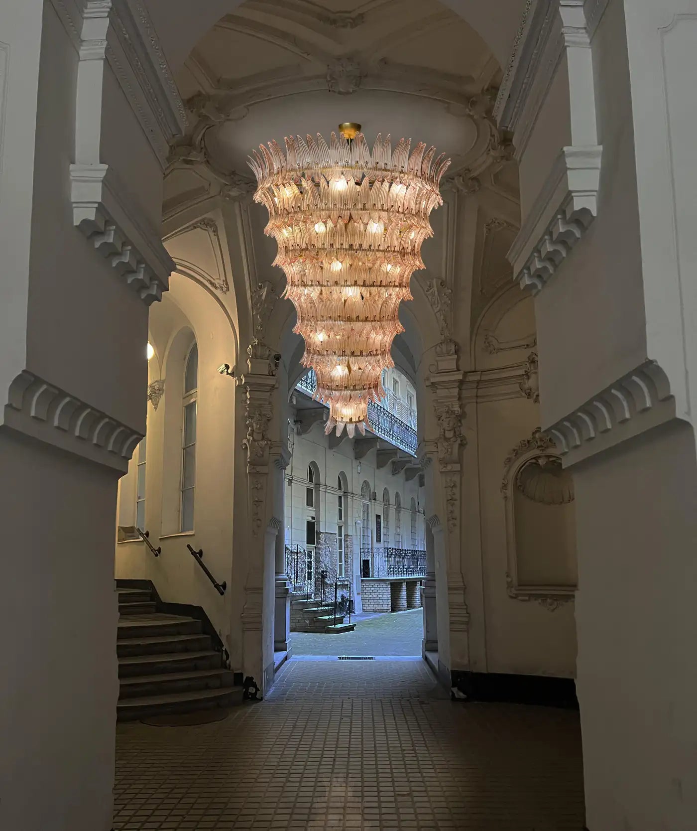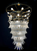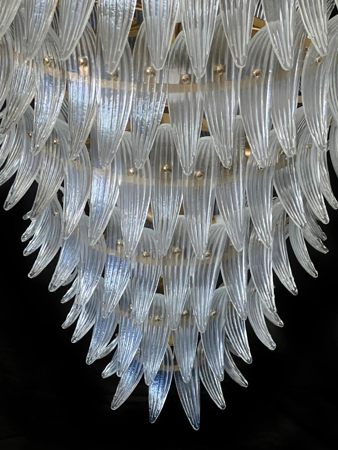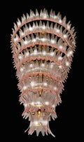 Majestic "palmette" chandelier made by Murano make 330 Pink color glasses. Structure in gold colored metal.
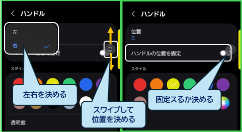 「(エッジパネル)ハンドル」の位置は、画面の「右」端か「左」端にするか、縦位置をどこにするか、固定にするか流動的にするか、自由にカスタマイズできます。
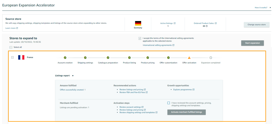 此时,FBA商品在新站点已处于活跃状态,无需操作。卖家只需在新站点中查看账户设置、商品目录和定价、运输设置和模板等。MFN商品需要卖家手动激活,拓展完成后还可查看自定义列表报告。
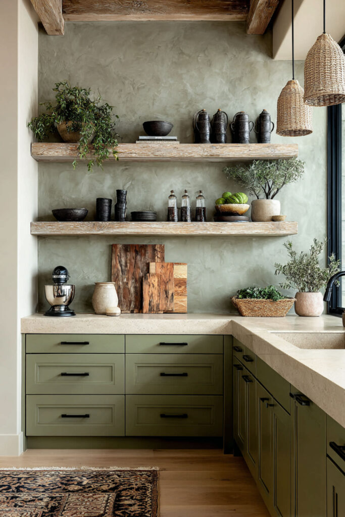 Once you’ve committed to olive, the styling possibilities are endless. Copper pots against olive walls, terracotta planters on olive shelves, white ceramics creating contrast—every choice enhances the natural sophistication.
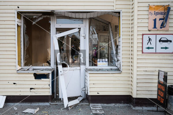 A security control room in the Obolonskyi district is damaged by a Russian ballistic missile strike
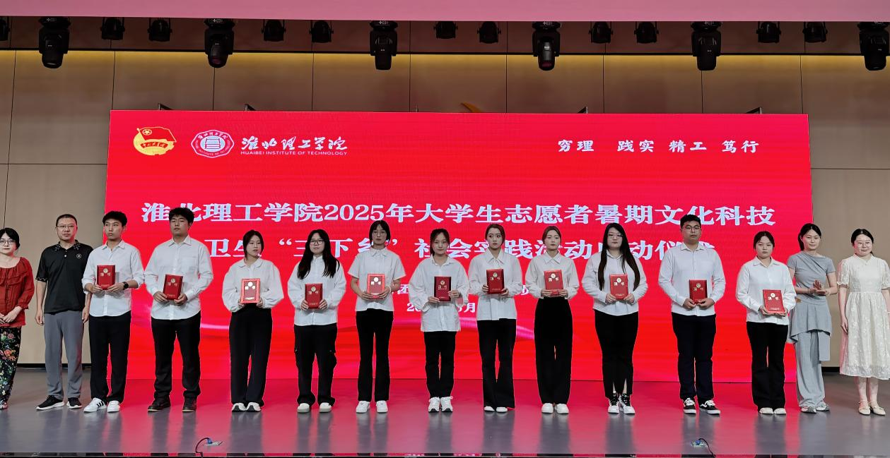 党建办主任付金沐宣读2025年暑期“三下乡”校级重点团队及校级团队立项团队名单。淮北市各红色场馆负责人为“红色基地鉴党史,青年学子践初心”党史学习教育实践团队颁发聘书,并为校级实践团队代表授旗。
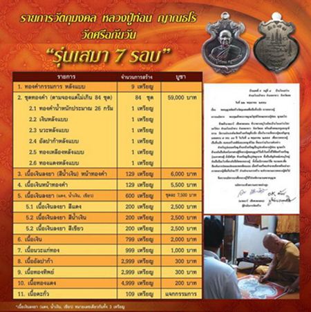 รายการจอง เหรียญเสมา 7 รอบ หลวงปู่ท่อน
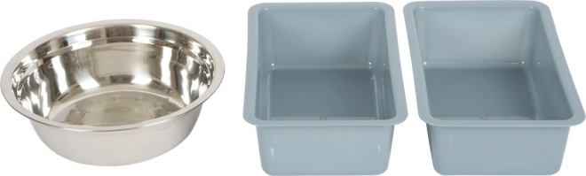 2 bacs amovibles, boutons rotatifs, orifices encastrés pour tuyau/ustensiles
════════════════════
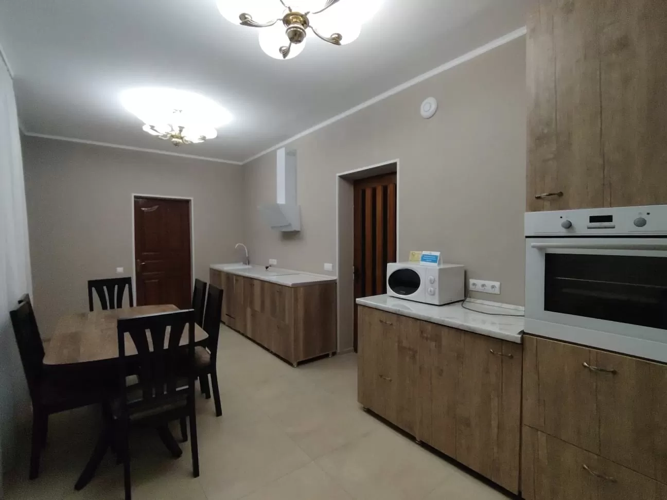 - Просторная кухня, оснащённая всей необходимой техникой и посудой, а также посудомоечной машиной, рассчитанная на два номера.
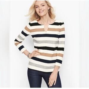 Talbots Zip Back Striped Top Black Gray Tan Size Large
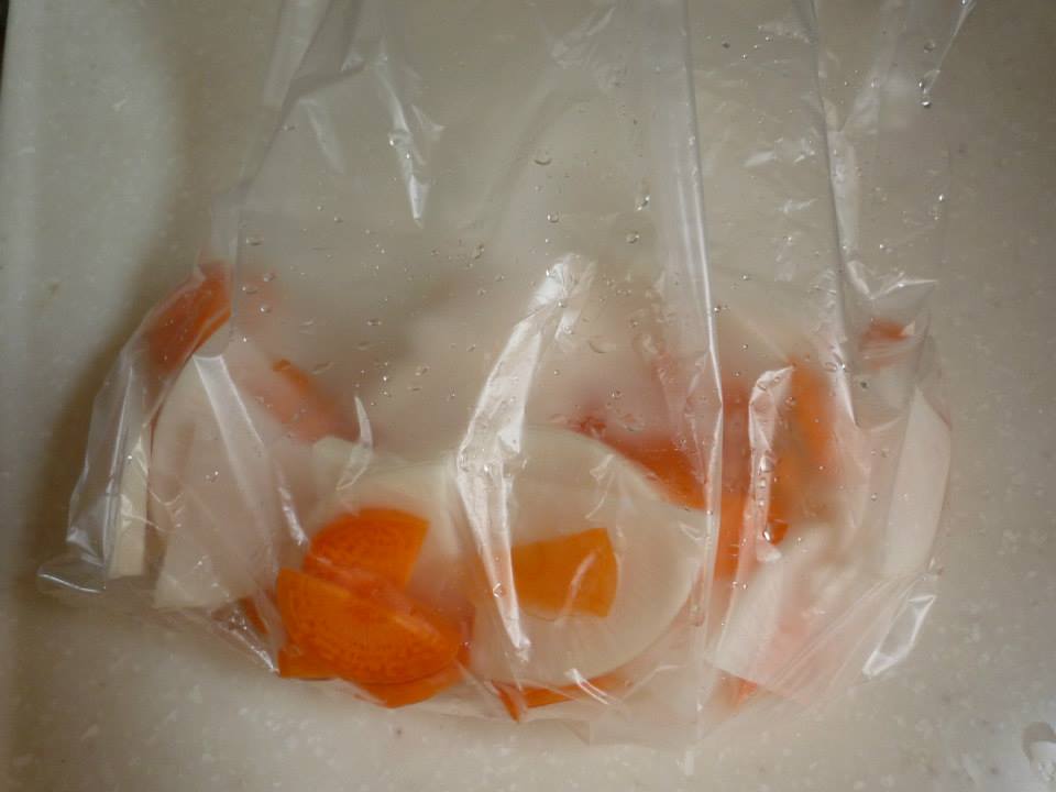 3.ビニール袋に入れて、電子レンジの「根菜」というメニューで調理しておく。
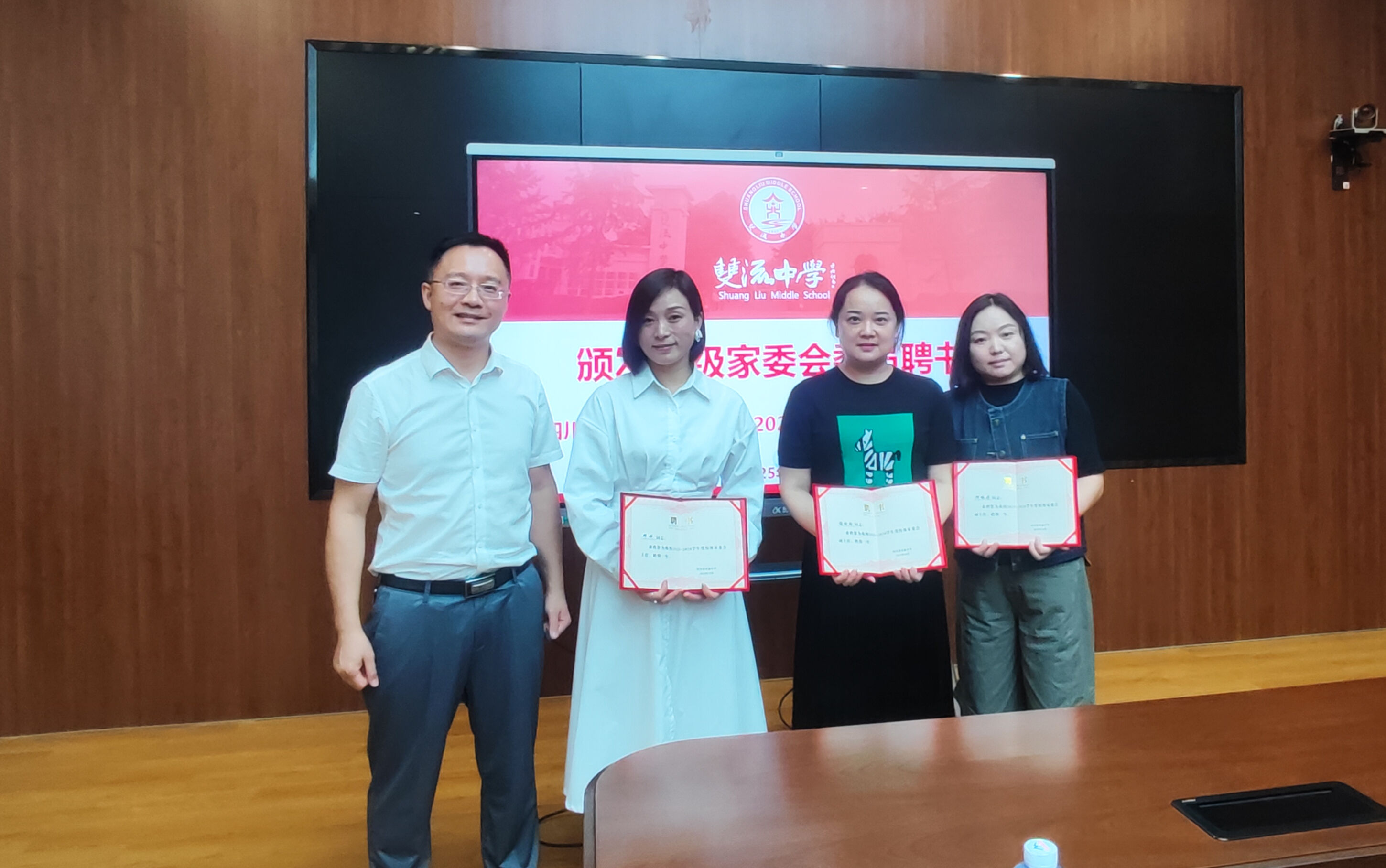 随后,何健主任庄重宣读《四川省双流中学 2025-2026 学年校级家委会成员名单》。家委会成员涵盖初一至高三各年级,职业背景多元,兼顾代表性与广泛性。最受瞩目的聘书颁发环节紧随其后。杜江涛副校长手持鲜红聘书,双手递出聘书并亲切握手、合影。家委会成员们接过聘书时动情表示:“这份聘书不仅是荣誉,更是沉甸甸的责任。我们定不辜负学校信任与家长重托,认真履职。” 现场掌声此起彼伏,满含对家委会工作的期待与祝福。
════════════════════
Prompt:
Exact copy, no pictures. Write out the lines in the entries above, starting with the line with "Talbots Zip Back" and going on through the line with "3.ビニール袋に入れて、電子レンジの「根菜」というメニューで調理しておく。", keeping both.

Exercise answer:
 Talbots Zip Back Striped Top Black Gray Tan Size Large
 3.ビニール袋に入れて、電子レンジの「根菜」というメニューで調理しておく。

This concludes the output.